Ali Fikri Yavuz: Allah o gün şöyle buyuracak: -Ey Meryem oğlu Îsâ! Sana ve annene olan nimetimi hatırla. Hani, seni Cebrâil ile desteklemiştim de hem beşikte, hem de yetişkin iken insanlarla konuşuyordun; hani sana yazı yazmayı, hikmeti (sağlam olan doğru sözü), Tevrat’ı ve İncil’i öğretmiştim: hani benim iznimle çamurdan kuş biçimi yapıyordun, sonra içine üflüyordun da benim iznimle bir kuş oluveriyordu; ve anadan doğma âmâ ile abraşı da benim iznimle hayata çıkarıyordun; hani senden İsrailoğullarını defetmiştim (seni öldürememişlerdi). Kendilerine açık mûcizeler getirdiğin zaman da, içlerinden küfre varanlar şöyle demişti: “- Bu apaçık bir sihirden başka bir şey değildir.”
Ali Ünal: İşte o gün Allah, şöyle buyurur: “Meryem oğlu İsa! Hem senin hem de annenin üzerindeki nimetimi hatırla: hani seni Ruhu’l Kudüs’le desteklemiştim de, beşikte iken de yetişkinliğinde de insanlarla konuşurdun. Ayrıca sana Kitabı, hikmeti, Tevrat’ı ve İncil’i öğretmiştim. Yine sen, Benim iznimle çamurdan kuş şeklinde bir şey yapar ve içine üflerdin de, Benim iznimle bir kuş oluverirdi; aynı şekilde Benim iznimle (anadan doğma) körü ve alacalıyı (cüzzamlı) iyileştirirdin; ve yine Benim iznimle ölüleri diri hale getirirdin. Bir vakit de, İsrail Oğulları’nın öldürme kastıyla sana uzanan ellerini geri çekmiştim: kendilerine (risaletinin ve getirdiğin Kitabın hak olduğunu gösteren) apaçık deliller ve mucizeler göstermiştin de, aralarında küfür içinde boğulup gidenler, ‘Bunlar, olsa olsa ancak apaçık birer büyü olabilir!’ demişlerdi.
Bayraktar Bayraklı: Allah o zaman şöyle diyecek: “Ey Meryem oğlu Îsâ! Sana ve annene verdiğim nimetimi hatırla!
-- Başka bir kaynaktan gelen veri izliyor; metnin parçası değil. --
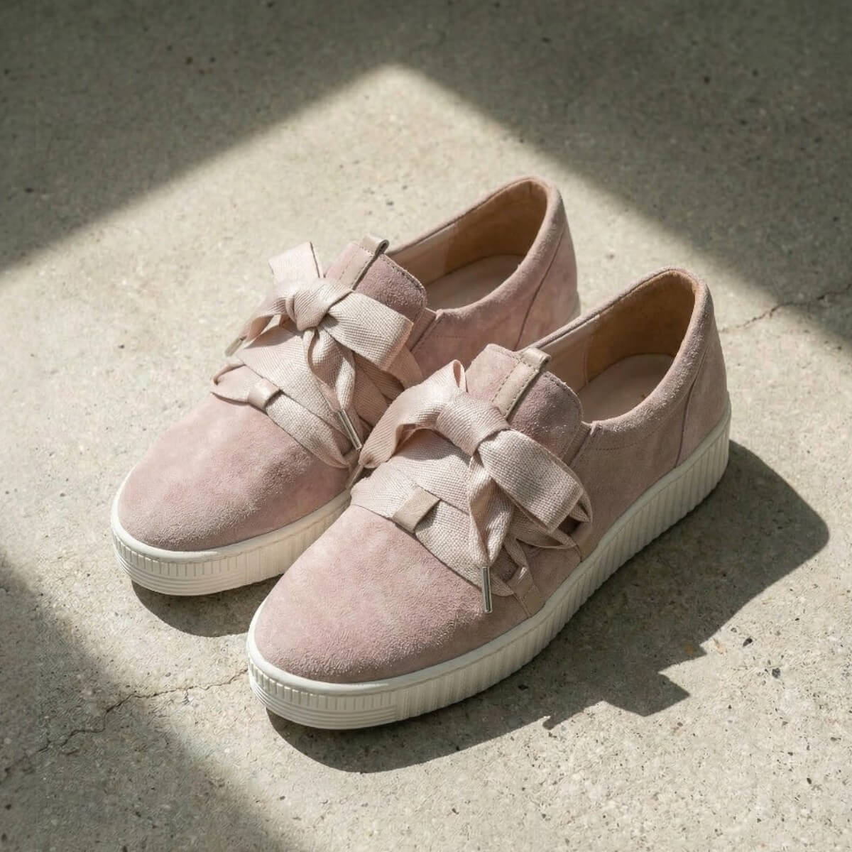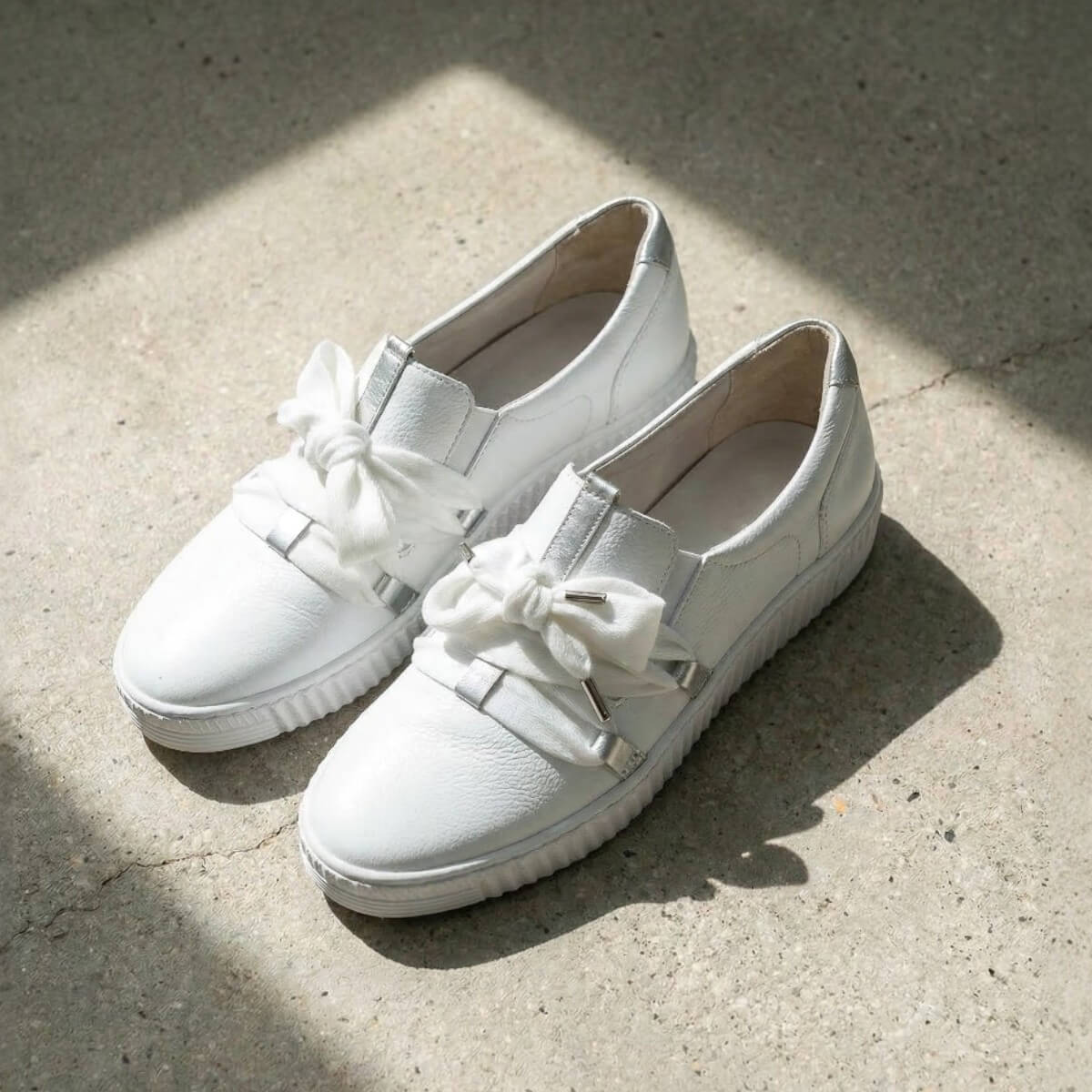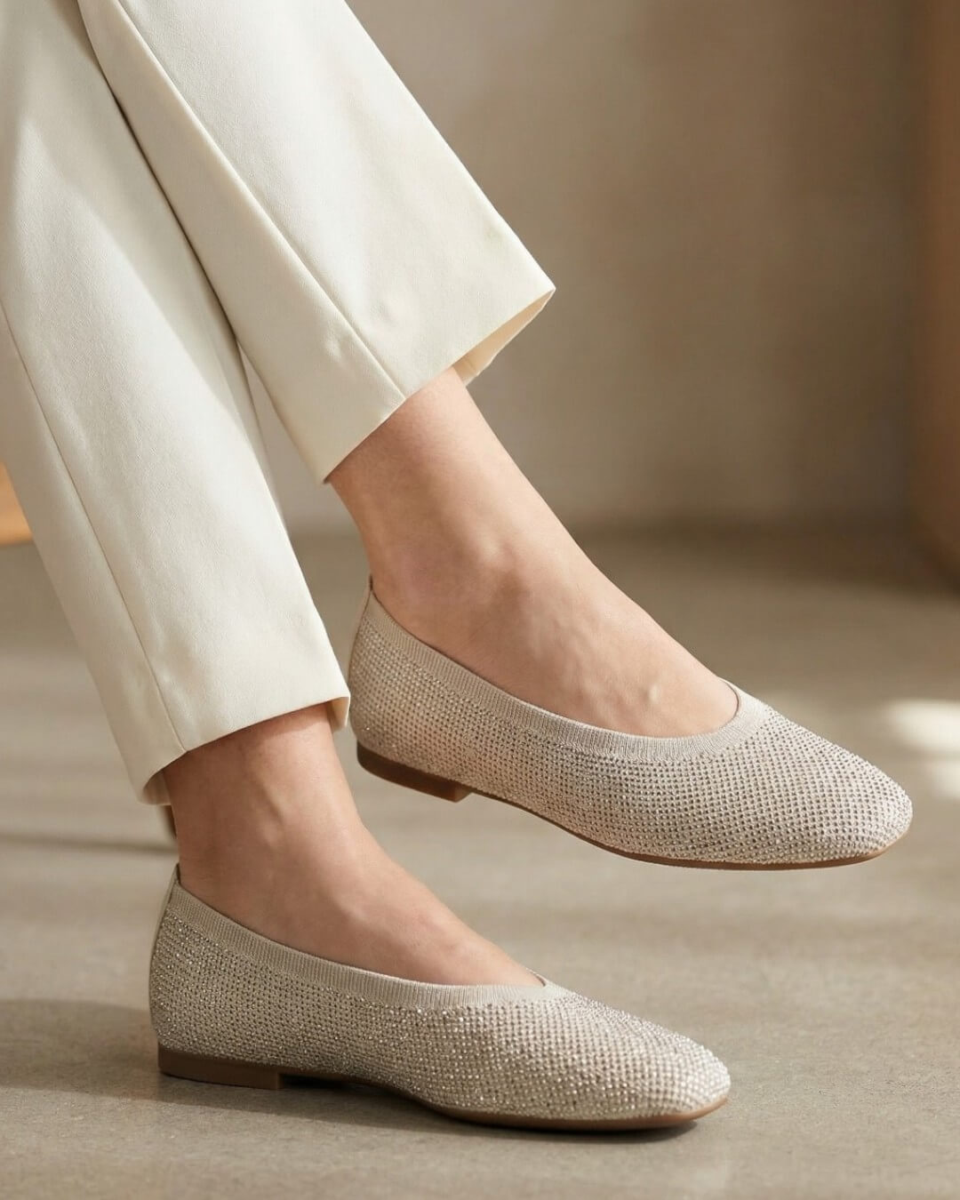 細かなラメが編み込まれたアッパーは、光を受けるたびにやさしくきらめき、

Hani seni mukaddes ruh/Cebrâil ile desteklemiştim; bu sayede sen beşikte iken yetişkin çağdaki insanlarla konuşuyordun. Sana kitabı okuyup yazmayı, hikmeti, Tevrat ve İncil'i öğretmiştim. Benim iznimle çamurdan kuş şeklinde bir şey yapıyordun da ona üflüyordun, hemen benim iznimle o bir kuş oluyordu. Yine benim iznimle anadan doğma körü ve alacalıyı iyileştiriyordun. Ölüleri benim iznimle hayata getiriyordun. Hani İsrâiloğulları'nı seni öldürmekten engellemiştim; kendilerine apaçık deliller, mucizeler getirdiğin zaman, içlerinden inkâr edenler, ‘Bu apaçık bir sihirden başka bir şey değildir' demişlerdi.”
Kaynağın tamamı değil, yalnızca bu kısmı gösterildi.